With pictures left out, write out exactly every line from the start of the data through the one that contains "Βραχιόλι από δερματίνη".

***** THE DATA *****

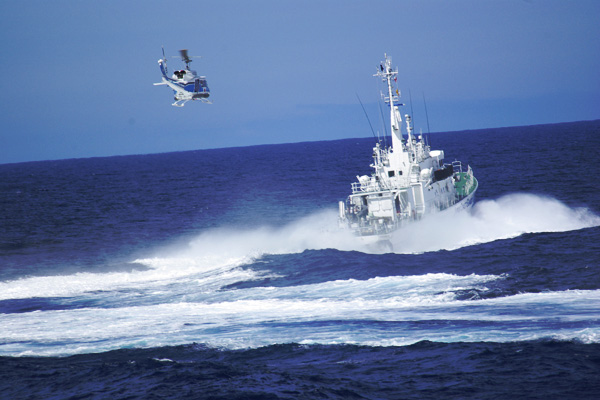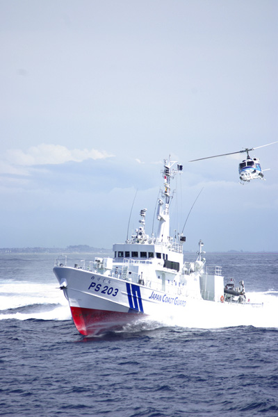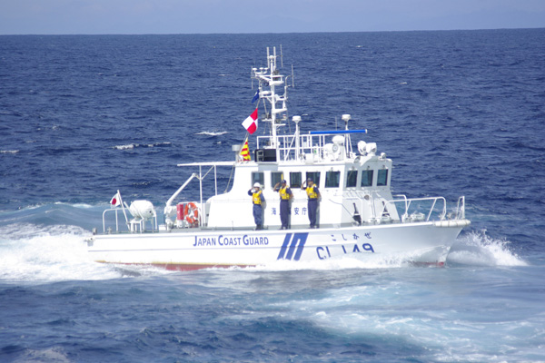 海をみていると搭載艇や巡視船艇が通り抜けていきます
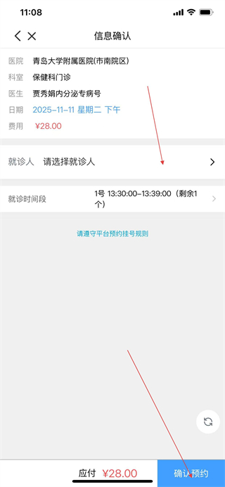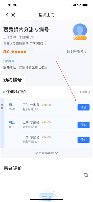 5、在醫(yī)師主頁(yè),選擇合適的掛號(hào)時(shí)段,點(diǎn)擊預(yù)約,進(jìn)入信息確認(rèn)頁(yè)面。
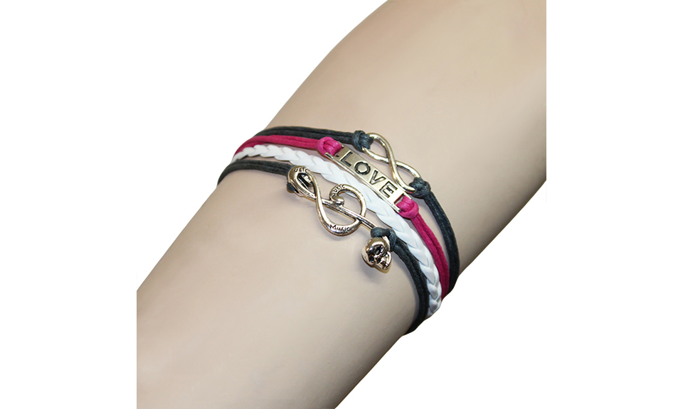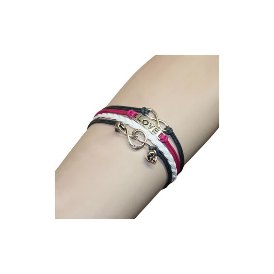 Βραχιόλι από δερματίνη και κλωστές με μεταλλικά διακοσμητικά στοιχεία. Διαθέτει αλυσίδα στο κούμπωμα για να προσαρμόζει σε όλα τα μεγέθη καρπών. Χαρακτηριστικά: Διαστάσεις: 17cm + 4cm αλυσίδα Υλικό: Οικολογικό δέρμα, Κλωστή και Μεταλλικά διακοσμητικά στοιχεία
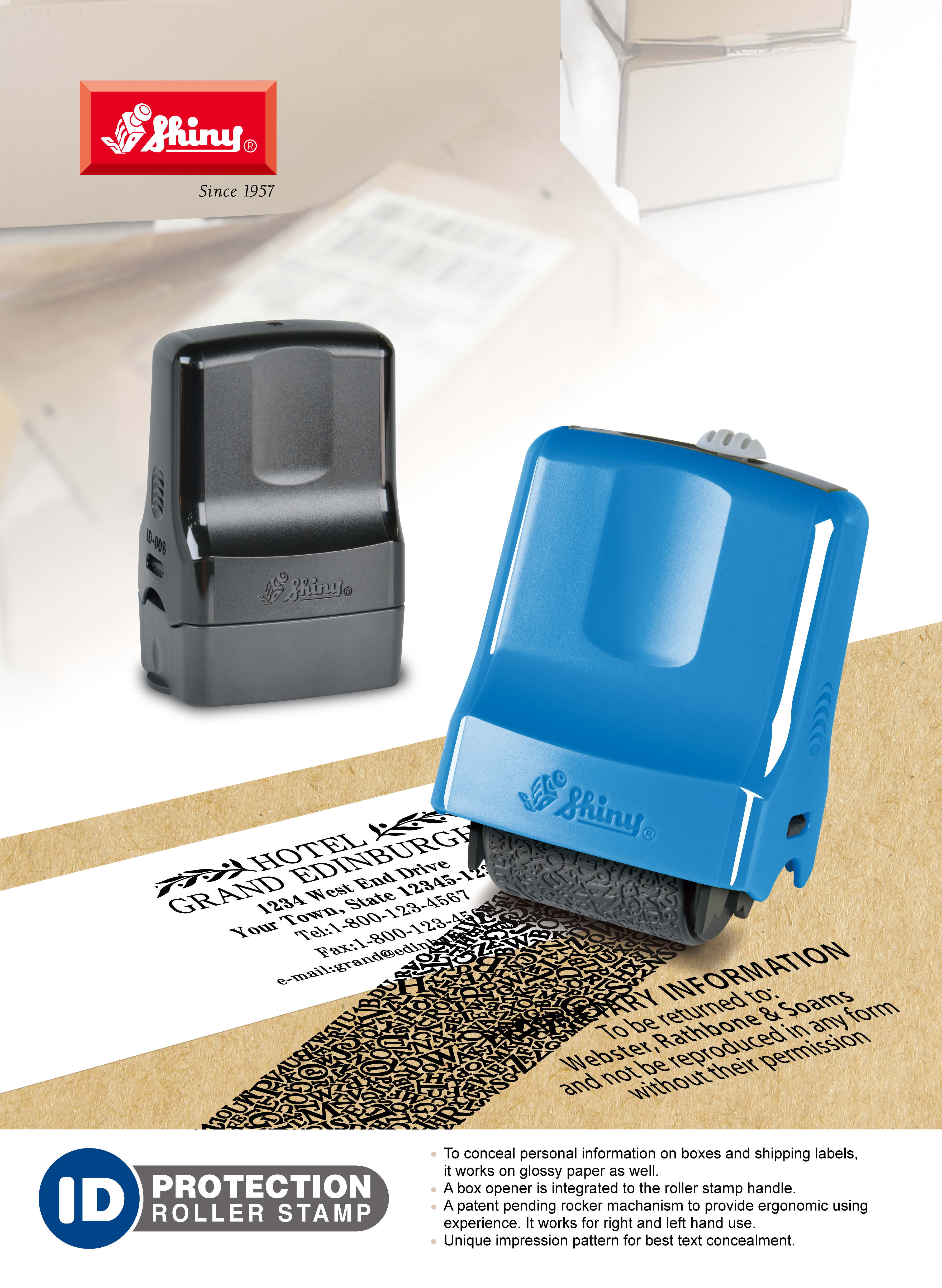Shiny ID Protection Roller Stamp was designed to conceal personal information (it may not completely conceal all data) on boxes, shipping labels, letters and envelopes. A unique rocker design on the roller mechanism provides a ergonomic operation.
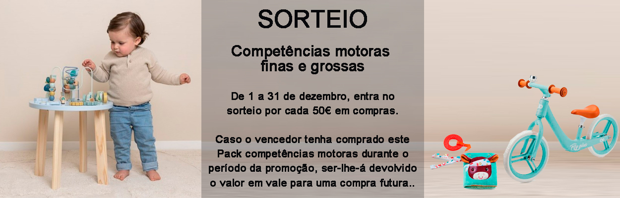 O prémio é um Pack Motricidade fina e grossa a partir dos 6 meses. No caso de o vencedor ter feito uma compra do mesmo produto que está a ser sorteado de 1 a 31 de dezembro de 2025, para se qualificar para as participações, pode ser trocado por um voucher para uma compra futura (apenas e só neste caso será feito um Voucher).
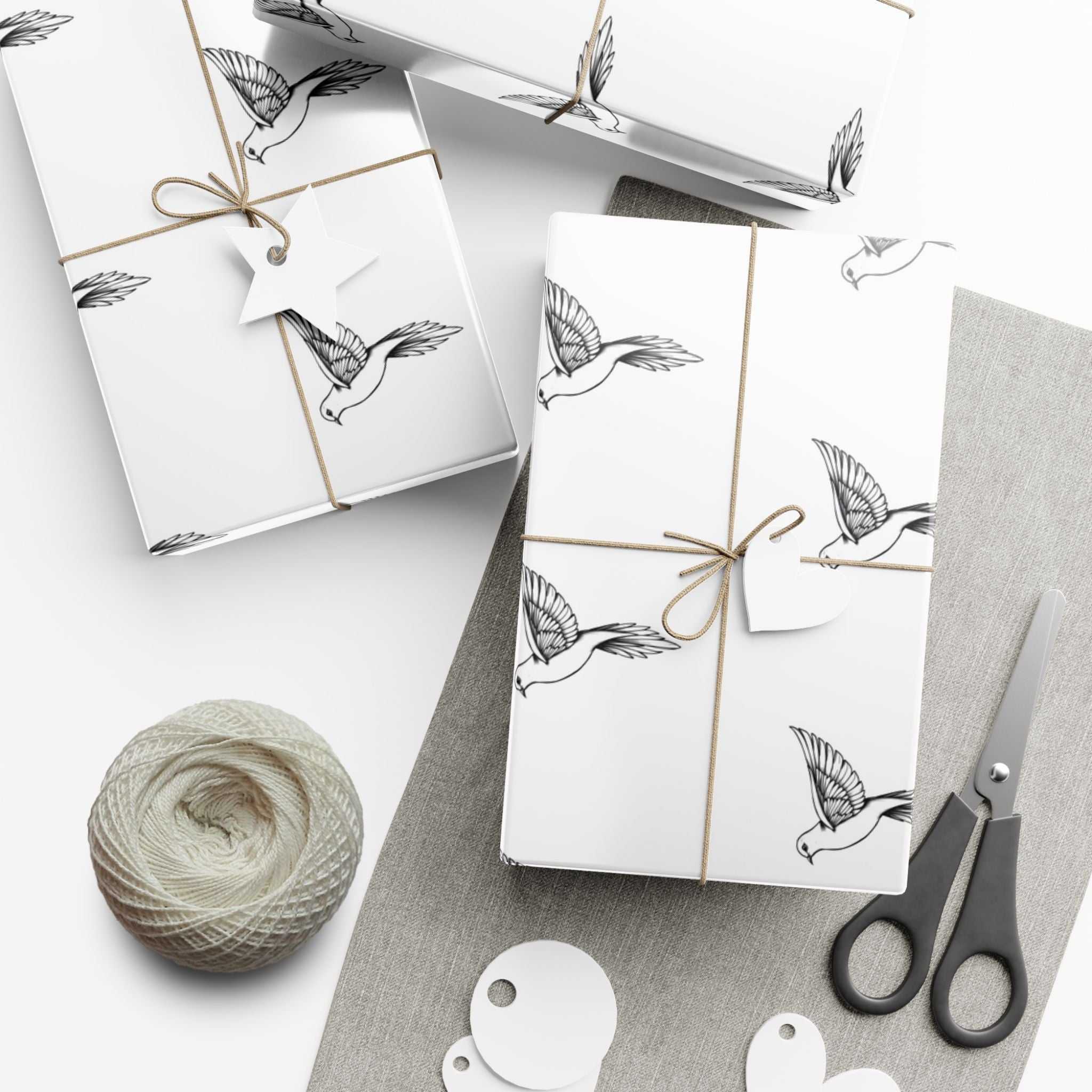 A roll of dove-pattern gift wrap that brings quiet elegance to wrapped moments. Each sheet shows minimalist flying doves in crisp detail, letting the gesture of giving speak before the ribbon is tied. The finish options — satiny sheen or refined matte — deliver either a soft glow or understated texture. Colors stay true and bright thanks to water-based, Greenguard-certified inks, and the sturdy paper stands up to careful handling without tearing or cracking along folds. Use it for wedding parcels, baby shower bundles, or birthday surprises when you want the presentation to feel thoughtful and calm rather than loud. The responsibly printable, recyclable paper and U.S. assembly add a careful, considered touch to every wrapped gift.

*****

• **TASK ANSWER**
 海をみていると搭載艇や巡視船艇が通り抜けていきます
 5、在醫(yī)師主頁(yè),選擇合適的掛號(hào)時(shí)段,點(diǎn)擊預(yù)約,進(jìn)入信息確認(rèn)頁(yè)面。
 Βραχιόλι από δερματίνη και κλωστές με μεταλλικά διακοσμητικά στοιχεία. Διαθέτει αλυσίδα στο κούμπωμα για να προσαρμόζει σε όλα τα μεγέθη καρπών. Χαρακτηριστικά: Διαστάσεις: 17cm + 4cm αλυσίδα Υλικό: Οικολογικό δέρμα, Κλωστή και Μεταλλικά διακοσμητικά στοιχεία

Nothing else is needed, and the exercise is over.